An exact reprint of the listing is required, with no pictures included.

**Data shown**.

%%

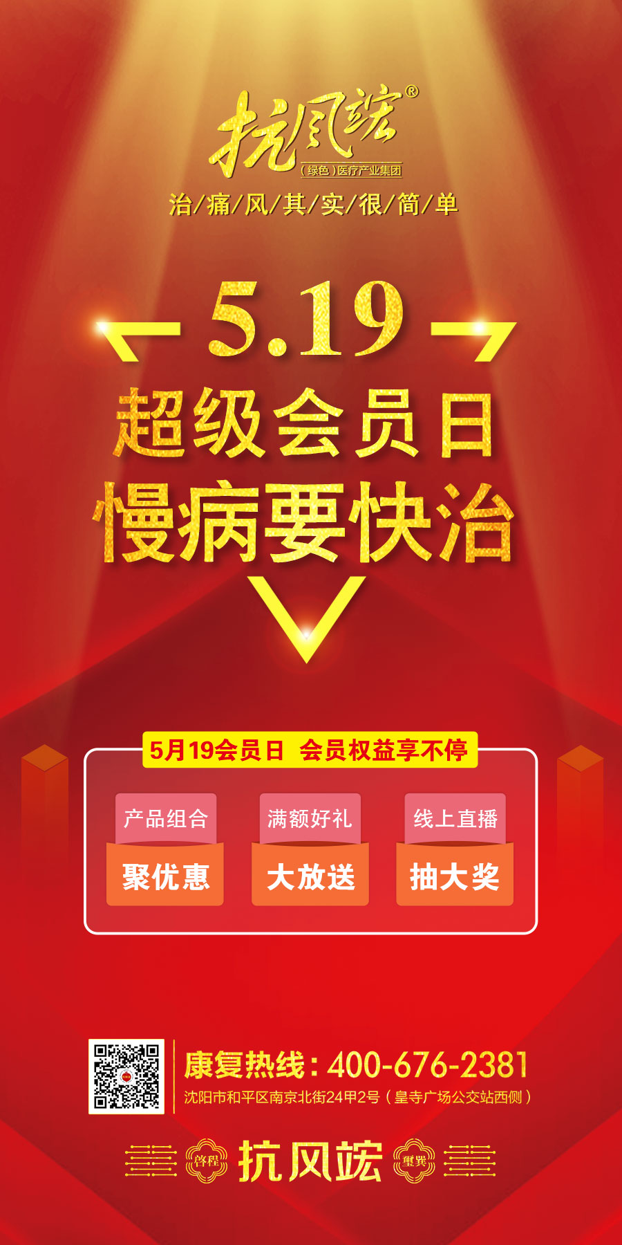 抗風(fēng)竤(綠色)醫(yī)療產(chǎn)業(yè)管理集團(tuán),正式啟動(dòng)“超級(jí)會(huì)員日”為十二年來(lái)跟隨抗風(fēng)竤一路走來(lái)的9萬(wàn)余名痛風(fēng)患者以及深受痛風(fēng)困擾的8000萬(wàn)患者創(chuàng)造了一個(gè)屬于自己的康復(fù)節(jié)日,即每月19日定為抗風(fēng)竤“超級(jí)會(huì)員日”。
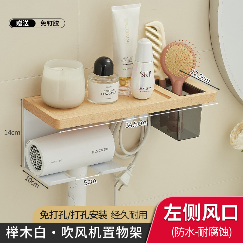 • 간단한 왼쪽 헤어 드라이어 랙 홀더-너도밤 나무 흰색
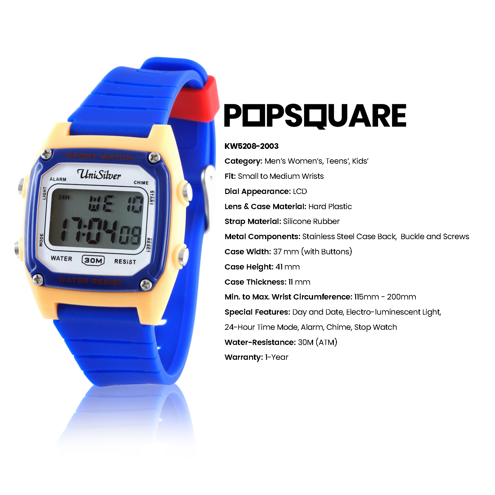 The PopSquare digital watch by UniSilver TIME is a modern, playful watch with a bold square design, made for everyday casual wear. Its sleek and vibrant look makes it easy to style with any outfit, whether you’re heading out for fun with friends, enjoying weekend adventures, or just adding a pop of personality to your day. Durable and comfortable, it’s designed to be a reliable companion for all your daily moments.

%%

**Output of the task**.
 抗風(fēng)竤(綠色)醫(yī)療產(chǎn)業(yè)管理集團(tuán),正式啟動(dòng)“超級(jí)會(huì)員日”為十二年來(lái)跟隨抗風(fēng)竤一路走來(lái)的9萬(wàn)余名痛風(fēng)患者以及深受痛風(fēng)困擾的8000萬(wàn)患者創(chuàng)造了一個(gè)屬于自己的康復(fù)節(jié)日,即每月19日定為抗風(fēng)竤“超級(jí)會(huì)員日”。
 • 간단한 왼쪽 헤어 드라이어 랙 홀더-너도밤 나무 흰색
 The PopSquare digital watch by UniSilver TIME is a modern, playful watch with a bold square design, made for everyday casual wear. Its sleek and vibrant look makes it easy to style with any outfit, whether you’re heading out for fun with friends, enjoying weekend adventures, or just adding a pop of personality to your day. Durable and comfortable, it’s designed to be a reliable companion for all your daily moments.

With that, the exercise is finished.